Since 2019, Rachel’s Network has championed women of color in the environmental movement with the Catalyst Award, which provides recipients with monetary prizes, networking opportunities, and public recognition. From its inception, the Catalyst Award has been informed by and responsive to the community we know we need to invest in—those most affected by the dual systems of environmental injustice and systemic racism.
Over that time, the program has granted over $2.1 million to 142 women environmental leaders of color and their organizations from 42 states, DC, Guam, and Puerto Rico. Catalyst recipients are working across the country to protect Indigenous lands and waters, establish just food systems, block fossil fuel facilities, influence government policies, and address the impact of climate change on marginalized communities.
After the first three years, we heard that one check wasn’t enough. As practitioners of trust-based philanthropy, we took that to heart and expanded the award from an annual, one-time prize to a multi-year, wrap-around program. Not only did we increase the prize money and extend it to three years for recipients and their organizations, but we also honored our past awardees by extending the multi-year award to them.
As the award has evolved, so has the application and review process. Applications undergo three levels of review. First, staff check for eligibility. Second, a pool of reviewers evaluate applications solo or with a partner. Finally, the highest scoring applications advance to the interview stage. The advancing application pool is evaluated by the selection committee to ensure a mix of issue areas, approaches, tenure, and geographical diversity.

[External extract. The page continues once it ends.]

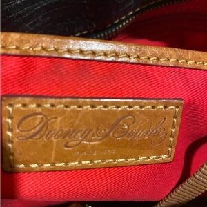 Dooney & Bourke This stylish tote bag features a sophisticated black and brown leather design, perfect for any occasion. Its elegant look makes it a versatile accessory for your wardrobe.main compartment 4 pockets at interior wall 1 zip closure fabric lining zip pocket at back logo at front lining have some stains bottom corners strap have tear cracks exterior creasing stains hight 10.5” wide 16” depth 5” strap drop 11”The dimensions are based on approximately measurements before placing an order please check take a moment to view all photos using feature for a closer look

After the first year, the selection committee has been entirely comprised of former Catalyst recipients to ensure this process remains rooted in community. We want applicants to feel safe and trust that what they’re sharing with us will be received with love by their peers and colleagues in the movement.

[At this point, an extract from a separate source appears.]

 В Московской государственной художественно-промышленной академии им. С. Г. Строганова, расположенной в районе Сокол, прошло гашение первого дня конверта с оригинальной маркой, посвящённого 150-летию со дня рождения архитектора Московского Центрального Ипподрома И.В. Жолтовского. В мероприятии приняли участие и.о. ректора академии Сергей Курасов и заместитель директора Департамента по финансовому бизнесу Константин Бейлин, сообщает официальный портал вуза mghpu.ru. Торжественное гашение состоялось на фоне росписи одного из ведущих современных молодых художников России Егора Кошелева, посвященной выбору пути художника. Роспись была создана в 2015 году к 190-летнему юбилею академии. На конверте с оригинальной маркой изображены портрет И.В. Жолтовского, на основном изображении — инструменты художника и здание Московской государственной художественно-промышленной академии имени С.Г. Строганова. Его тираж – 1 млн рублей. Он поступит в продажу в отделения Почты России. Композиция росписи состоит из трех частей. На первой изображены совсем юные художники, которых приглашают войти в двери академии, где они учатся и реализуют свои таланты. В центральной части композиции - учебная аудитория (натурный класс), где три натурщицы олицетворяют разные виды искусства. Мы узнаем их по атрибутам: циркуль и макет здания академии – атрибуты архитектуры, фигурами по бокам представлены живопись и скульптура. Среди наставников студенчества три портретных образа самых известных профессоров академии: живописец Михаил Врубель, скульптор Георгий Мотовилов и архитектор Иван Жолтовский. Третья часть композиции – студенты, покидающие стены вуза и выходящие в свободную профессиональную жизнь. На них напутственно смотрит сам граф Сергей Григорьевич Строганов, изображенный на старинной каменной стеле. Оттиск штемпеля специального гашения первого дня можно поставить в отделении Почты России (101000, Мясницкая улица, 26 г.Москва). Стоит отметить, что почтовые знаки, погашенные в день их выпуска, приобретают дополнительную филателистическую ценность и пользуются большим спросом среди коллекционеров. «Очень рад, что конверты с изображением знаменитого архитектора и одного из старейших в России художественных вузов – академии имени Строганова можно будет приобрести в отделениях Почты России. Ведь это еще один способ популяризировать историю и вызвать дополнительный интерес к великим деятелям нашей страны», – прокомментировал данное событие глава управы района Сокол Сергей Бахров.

Even the application process itself offers an opportunity to infuse care. Accessibility and clarity are key. Applicants can submit an audio, video, or written application—whichever platform feels most comfortable to them. The applicant guide and FAQs offer a window into the evaluation process (including the rubric evaluators used) and a timeline for news.
In my tenure as Catalyst program director, I have also offered applicants who do not advance to the interview stage an opportunity for individualized feedback on their application. I want every applicant to know that we recognize the thought, effort, and heart put into the application, and want them to feel that effort returned.
Another way to respect applicants is to take feedback seriously. We have adjusted questions, application word limits, and the nomination process in response to suggestions from previous recipients and applicants. Although not every idea is tenable (we once received a suggestion for a Rachel’s Network staffer to interview every single applicant which was just not manageable with a program staff capacity of one), we do our best to seriously consider and implement where possible ideas from applicants.
If you run any sort of application program, be a grant or a fellowship, consider integrating more spaciousness and heart into the process. Offer alternate paths for submission and limit the hoops your applicants must jump through to submit. Be flexible with deadlines. Communicate timelines and offer clarity and transparency on the review process. Share the questions and the evaluation rubric in advance. And when possible, offer constructive, kind feedback to applicants so they know why they didn’t advance.
While our process isn’t perfect, we constantly strive to ensure that the Catalyst Award remains accessible, inclusive, and reflective of the values we want to see in the environmental movement.
Rachel’s Network Catalyst Program Director Shreya Durvasula fosters collective and individual impact among Catalyst awardees and members and creates grant programs grounded in justice and equity.